*** Source records ***

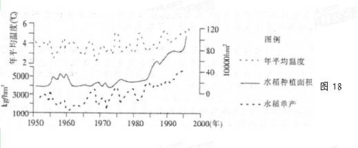 材料二?图18为“1951—1997年该地区年平均温度、水稻种植面积及单产的变化图”。
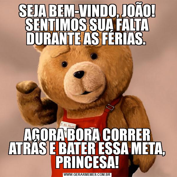SEJA BEM-VINDO, JOÃO! SENTIMOS SUA FALTA DURANTE AS FÉRIAS. AGORA BORA CORRER ATRÁS E BATER ESSA META, PRINCESA!
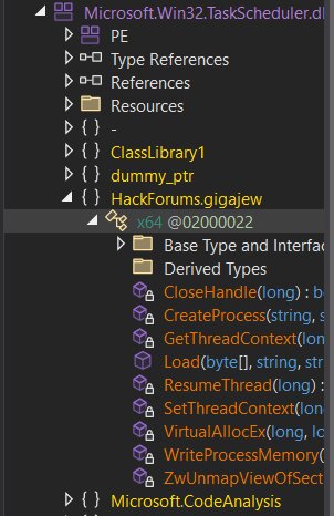 The HackForums.gigajew class is named after the HackForums user "gigajew," who originally developed the RunPE/Process Hollowing method that the class implements. This user is highly active on HackForums, frequently creating various tools for malicious software development.
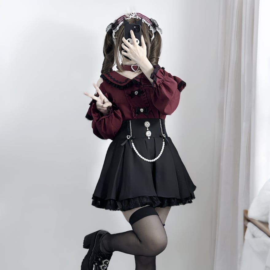 1枚で“地雷系の完成形”といえるほど主役級のトップスに仕上がっています。
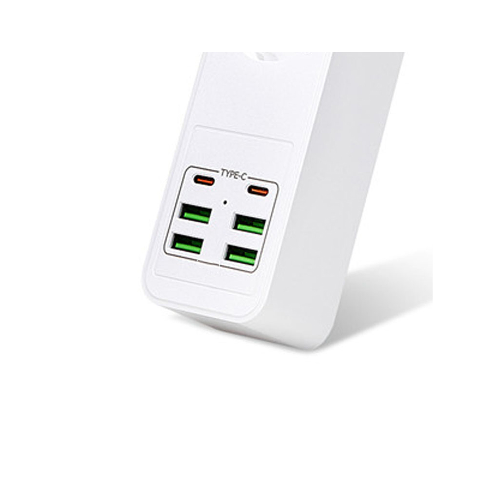 HEPU HP-H11 4x USB 2x Type-C 3lü 2mt Kablolu 18W Akım Korumalı Grup Priz 13000W
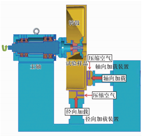 加載測量輪轂軸承摩擦力矩是一大技術難點,洛陽軸承研究所有限公司在2005年開發(fā)了機械支承軸承實現(xiàn)加載狀態(tài)下摩擦力矩的測量,由于機械支承軸承引入的額外摩擦,降低了摩擦力矩測量精度。2014年,國內(nèi)以萬向精工為代表開發(fā)了氣浮加載模塊,氣體摩擦因數(shù)降低到了0.000 01,基本消除了外部摩擦的影響,提升了摩擦力矩的測量精度和穩(wěn)定性,其加載模塊的原理如圖8所示。
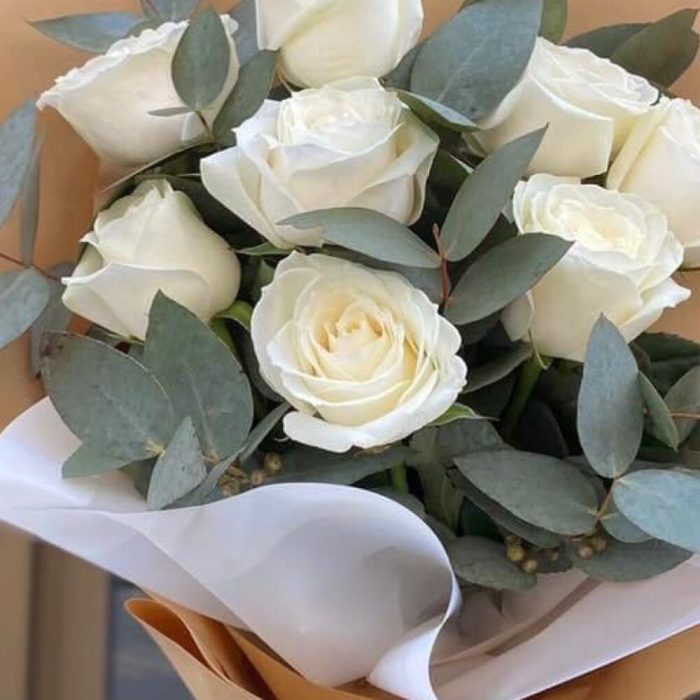 Шикарный букет из белых роз с эвкалиптом в шикарной упаковке
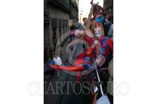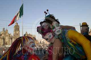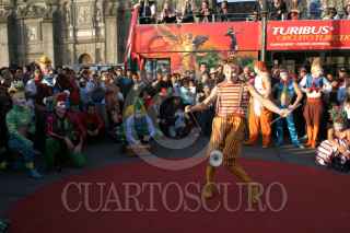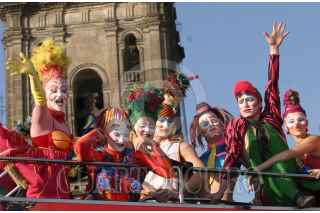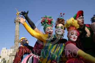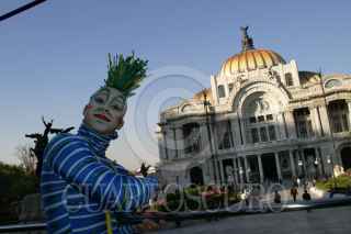 MEXICO, D.F. 18ENERO2006.- Integrantes del espectaculo circence canadiense Cirque du Sole, realizaron un recorrido por paseo de la Reforma en turibus hasta el Zócalo. FOTO: Nelly Salas/CUARTOSCURO.COM
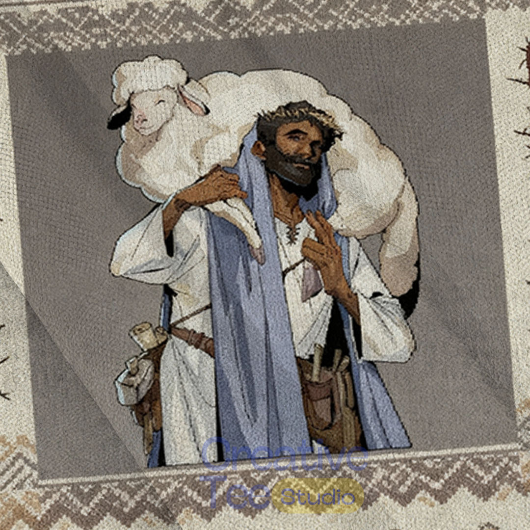 The artwork depicts Christ not just as a figure of peace, but as a formidable presence of “Divine Victory“. In a direct nod to the game’s iconography, the design often features Christ carrying a sheep (the “Lamb of God”) while surrounded by the fiery oranges, deep crimsons, and laurel-wreath borders synonymous with Zagreus and the Olympian gods.
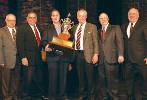 Dean and Doug Fowler (center) of Fowler Equipment Co. accept the Fred Maytag Award during Maytag Commercial Laundry’s 56th annual meeting in Tucson, Ariz. Joining them are (from left) Dick Ruel, John Maltese, Bob English and Randy Karn. (Photo: Maytag Commercial Laundry)
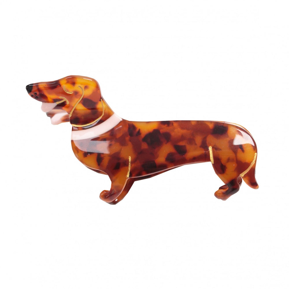 Mali jazavčar držat će vašu frizuru besprijekornom i neodoljivom! Ova kopča je originalna, šašava i savršene veličine za podizanje kose. Napravljena je od recikliranog i biorazgradivog (ekološki prihvatljivog) celuloznog acetata.

*** End of Source records ***

■ Problem details:
Write out exactly, please, the lines that start at the one containing "HEPU HP-H11 4x" and run through the final line of the entries, both included, leaving pictures out.

■ Answer to this problem:
 HEPU HP-H11 4x USB 2x Type-C 3lü 2mt Kablolu 18W Akım Korumalı Grup Priz 13000W
 加載測量輪轂軸承摩擦力矩是一大技術難點,洛陽軸承研究所有限公司在2005年開發(fā)了機械支承軸承實現(xiàn)加載狀態(tài)下摩擦力矩的測量,由于機械支承軸承引入的額外摩擦,降低了摩擦力矩測量精度。2014年,國內(nèi)以萬向精工為代表開發(fā)了氣浮加載模塊,氣體摩擦因數(shù)降低到了0.000 01,基本消除了外部摩擦的影響,提升了摩擦力矩的測量精度和穩(wěn)定性,其加載模塊的原理如圖8所示。
 Шикарный букет из белых роз с эвкалиптом в шикарной упаковке
 MEXICO, D.F. 18ENERO2006.- Integrantes del espectaculo circence canadiense Cirque du Sole, realizaron un recorrido por paseo de la Reforma en turibus hasta el Zócalo. FOTO: Nelly Salas/CUARTOSCURO.COM
 The artwork depicts Christ not just as a figure of peace, but as a formidable presence of “Divine Victory“. In a direct nod to the game’s iconography, the design often features Christ carrying a sheep (the “Lamb of God”) while surrounded by the fiery oranges, deep crimsons, and laurel-wreath borders synonymous with Zagreus and the Olympian gods.
 Dean and Doug Fowler (center) of Fowler Equipment Co. accept the Fred Maytag Award during Maytag Commercial Laundry’s 56th annual meeting in Tucson, Ariz. Joining them are (from left) Dick Ruel, John Maltese, Bob English and Randy Karn. (Photo: Maytag Commercial Laundry)
 Mali jazavčar držat će vašu frizuru besprijekornom i neodoljivom! Ova kopča je originalna, šašava i savršene veličine za podizanje kose. Napravljena je od recikliranog i biorazgradivog (ekološki prihvatljivog) celuloznog acetata.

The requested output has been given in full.